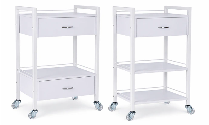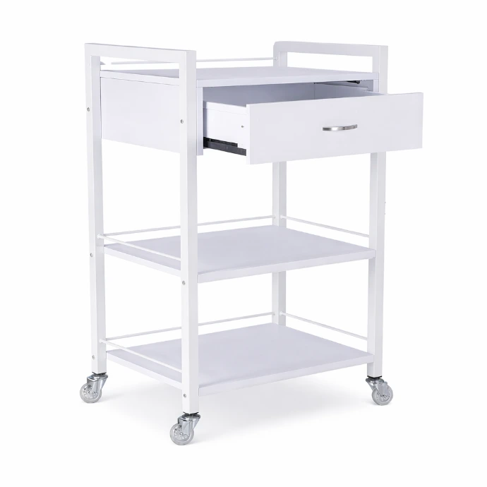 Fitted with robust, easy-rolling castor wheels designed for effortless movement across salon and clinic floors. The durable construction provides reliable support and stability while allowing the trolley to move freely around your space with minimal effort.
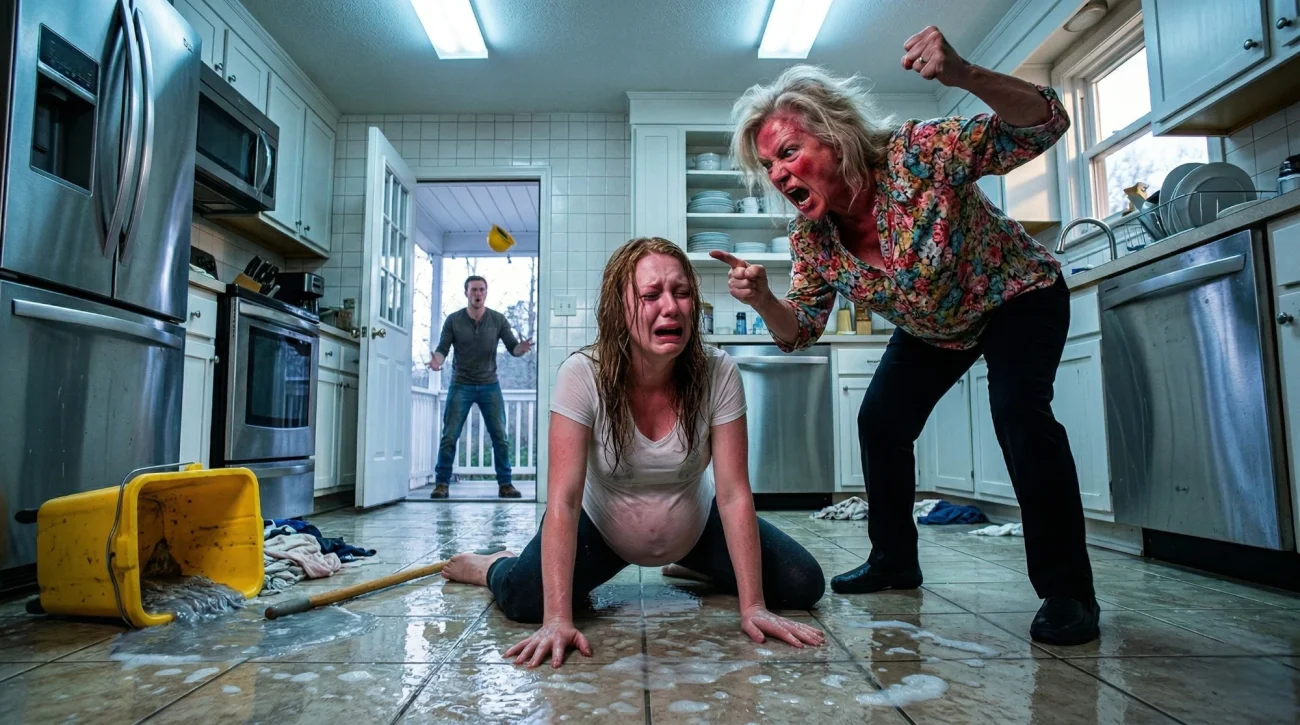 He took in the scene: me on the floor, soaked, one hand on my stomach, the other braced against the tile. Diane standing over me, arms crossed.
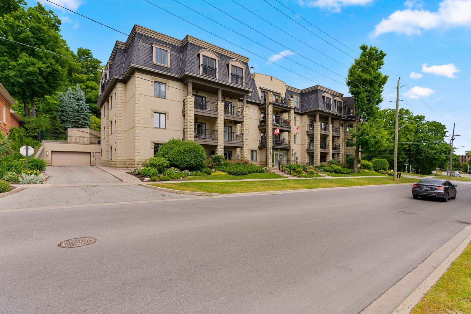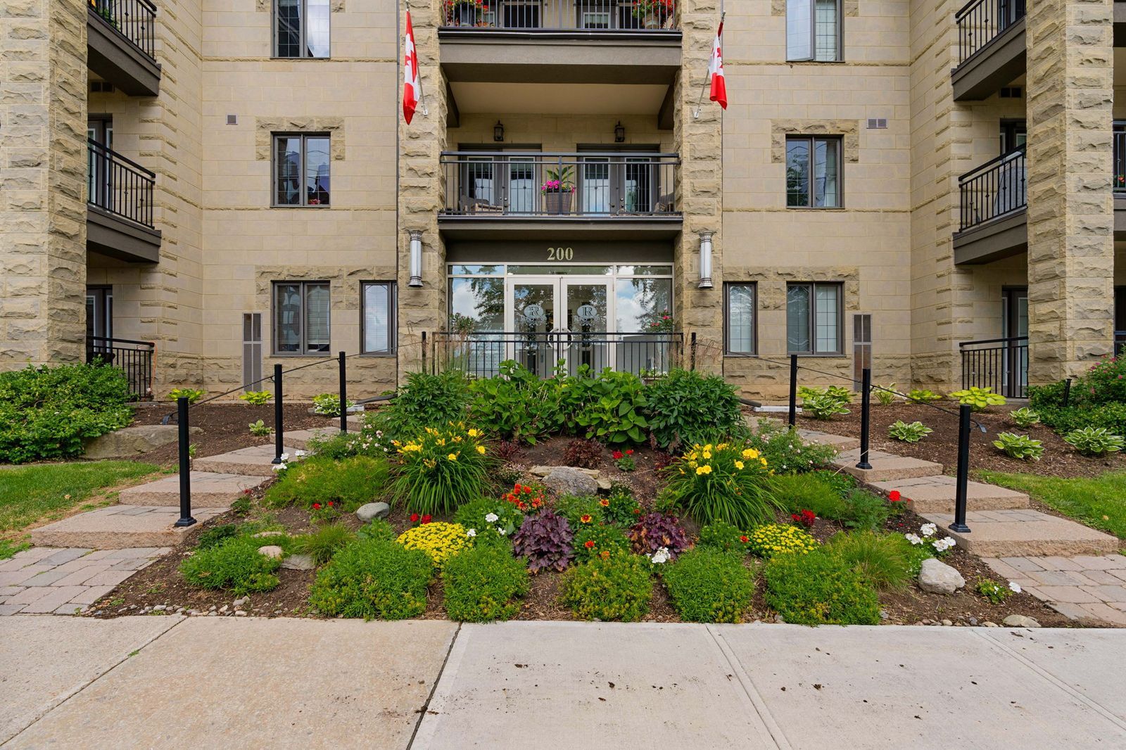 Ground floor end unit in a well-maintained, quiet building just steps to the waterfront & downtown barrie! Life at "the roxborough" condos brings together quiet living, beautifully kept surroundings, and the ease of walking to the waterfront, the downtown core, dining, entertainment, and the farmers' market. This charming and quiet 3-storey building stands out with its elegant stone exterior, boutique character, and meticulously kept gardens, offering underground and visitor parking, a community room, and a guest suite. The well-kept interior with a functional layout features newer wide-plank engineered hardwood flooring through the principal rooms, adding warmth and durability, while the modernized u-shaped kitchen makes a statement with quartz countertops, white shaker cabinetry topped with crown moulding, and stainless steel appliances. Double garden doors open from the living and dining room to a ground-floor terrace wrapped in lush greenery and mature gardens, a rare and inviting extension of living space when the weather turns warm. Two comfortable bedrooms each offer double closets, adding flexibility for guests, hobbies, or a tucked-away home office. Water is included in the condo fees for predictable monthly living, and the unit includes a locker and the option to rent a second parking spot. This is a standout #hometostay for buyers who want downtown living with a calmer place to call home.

> **TASK REQUIREMENTS**
Nothing but the pictures should be left out when the listing is repeated exactly.

> **TASK RESPONSE**
 Fitted with robust, easy-rolling castor wheels designed for effortless movement across salon and clinic floors. The durable construction provides reliable support and stability while allowing the trolley to move freely around your space with minimal effort.
 He took in the scene: me on the floor, soaked, one hand on my stomach, the other braced against the tile. Diane standing over me, arms crossed.
 Ground floor end unit in a well-maintained, quiet building just steps to the waterfront & downtown barrie! Life at "the roxborough" condos brings together quiet living, beautifully kept surroundings, and the ease of walking to the waterfront, the downtown core, dining, entertainment, and the farmers' market. This charming and quiet 3-storey building stands out with its elegant stone exterior, boutique character, and meticulously kept gardens, offering underground and visitor parking, a community room, and a guest suite. The well-kept interior with a functional layout features newer wide-plank engineered hardwood flooring through the principal rooms, adding warmth and durability, while the modernized u-shaped kitchen makes a statement with quartz countertops, white shaker cabinetry topped with crown moulding, and stainless steel appliances. Double garden doors open from the living and dining room to a ground-floor terrace wrapped in lush greenery and mature gardens, a rare and inviting extension of living space when the weather turns warm. Two comfortable bedrooms each offer double closets, adding flexibility for guests, hobbies, or a tucked-away home office. Water is included in the condo fees for predictable monthly living, and the unit includes a locker and the option to rent a second parking spot. This is a standout #hometostay for buyers who want downtown living with a calmer place to call home.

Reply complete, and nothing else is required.